Further, to allow programmers to get the most out of the hardware, OS designers need to let us live right on the edge. The more blocks and checks they put between us and the hardware, the slower our programs are going to run. Imagine if the Apple said to programmers: "Ok, in order to not let you dominate the hardware, we will only let you use 50% of the CPU at any one time." Now imagine you're a user, running World of Warcraft on your brand-new $4,000 ultra-lux machine, and you're only getting half the framerate you should be, and would be under, say, Windows.

You'd be pissed. And Apple would lose a customer.

Interlude

Look, I don't want to seem mean. I'm sure she's a very nice person in real life, and probably quite smart. And, she's a very handsome woman, I'm not denying that. But, honestly, Jessica Alba can't act. It's just not a skill she has.

It's OK. Not everyone was meant to be an actress. But you really have to admit your limitations to yourself.
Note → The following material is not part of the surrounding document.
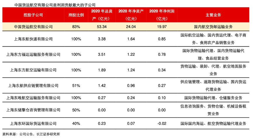 經(jīng)典案例:根據(jù)公司公告、長江證券研究所等綜合資訊表明,東航物流公司是以航空貨運為主的綜合物流企業(yè),致力于搭建多元化的泛航空物流產(chǎn)品服務(wù)體系。其中,中貨航是東航物流旗下盈利最高的子公司,公司的股權(quán)比例為83%,通過全貨機和客機腹艙結(jié)合的方式運營航空速運業(yè)務(wù),獨家承包經(jīng)營中國東航客機腹艙業(yè)務(wù)。

I know, for instance, I'll never be a supermodel. I'm OK with that. I'd make a lousy president, too. I accept it.

It's time to stop, Jessica. You're costing people money. And YOU would be happier doing something you know you're good at, that you could feel good about. There are LOTS of professions for preternaturally beautiful women out there. You could be one of my assistants, for instance.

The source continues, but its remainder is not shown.